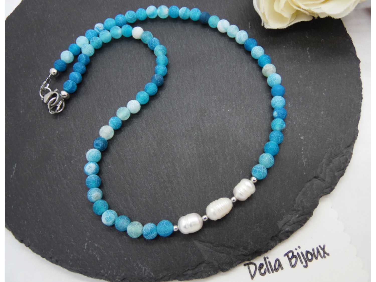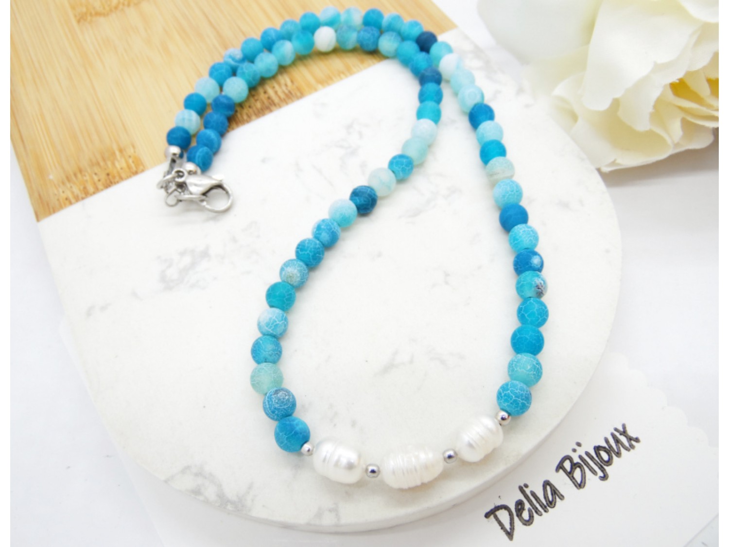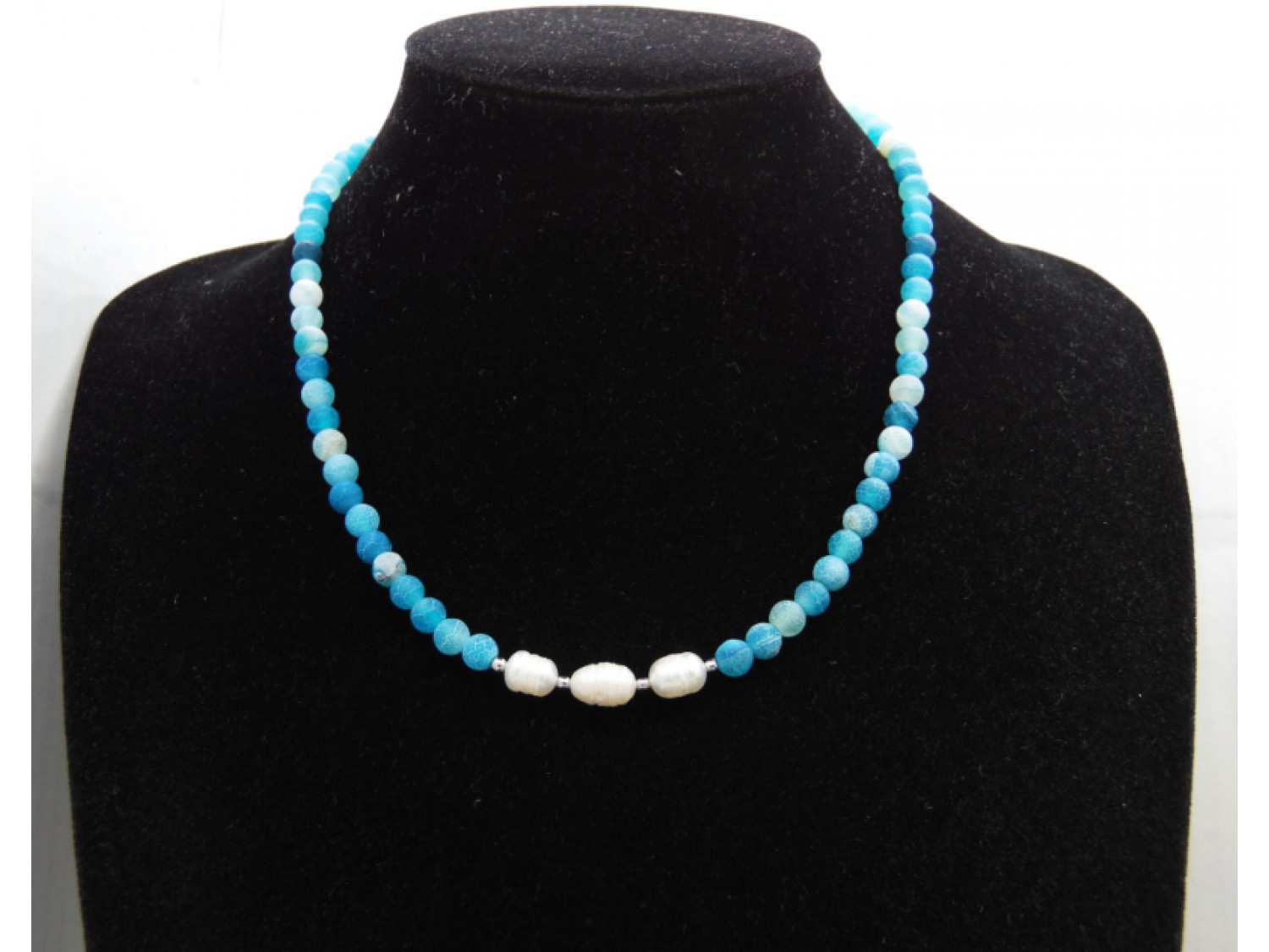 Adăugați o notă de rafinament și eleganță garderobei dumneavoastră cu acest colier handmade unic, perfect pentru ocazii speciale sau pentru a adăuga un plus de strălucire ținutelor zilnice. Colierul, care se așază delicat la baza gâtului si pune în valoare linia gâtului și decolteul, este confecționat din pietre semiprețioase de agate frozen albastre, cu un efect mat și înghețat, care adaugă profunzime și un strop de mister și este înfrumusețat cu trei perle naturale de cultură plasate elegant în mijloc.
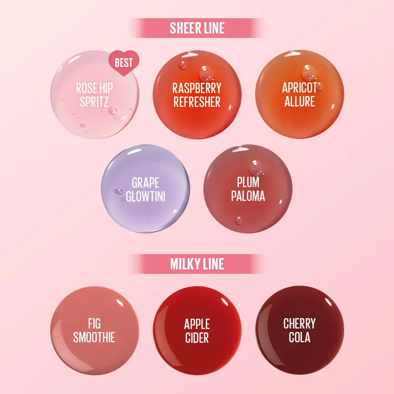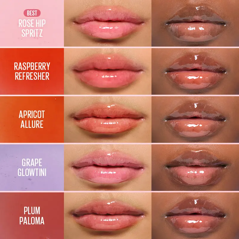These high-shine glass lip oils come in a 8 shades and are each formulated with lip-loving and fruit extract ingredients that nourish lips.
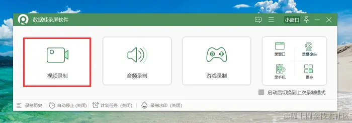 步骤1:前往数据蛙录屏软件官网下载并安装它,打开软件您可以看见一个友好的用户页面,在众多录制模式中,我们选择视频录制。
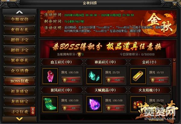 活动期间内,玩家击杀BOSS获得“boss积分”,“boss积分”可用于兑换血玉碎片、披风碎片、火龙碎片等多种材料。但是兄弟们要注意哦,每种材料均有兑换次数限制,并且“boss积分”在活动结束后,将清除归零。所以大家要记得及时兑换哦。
##########
-- TASK REQUIREMENTS --
Only those lines from the one containing "These high-shine glass" to the end of the material above, retyped exactly and without pictures, belong in your reply.

-- YOUR RESPONSE --
These high-shine glass lip oils come in a 8 shades and are each formulated with lip-loving and fruit extract ingredients that nourish lips.
 步骤1:前往数据蛙录屏软件官网下载并安装它,打开软件您可以看见一个友好的用户页面,在众多录制模式中,我们选择视频录制。
 活动期间内,玩家击杀BOSS获得“boss积分”,“boss积分”可用于兑换血玉碎片、披风碎片、火龙碎片等多种材料。但是兄弟们要注意哦,每种材料均有兑换次数限制,并且“boss积分”在活动结束后,将清除归零。所以大家要记得及时兑换哦。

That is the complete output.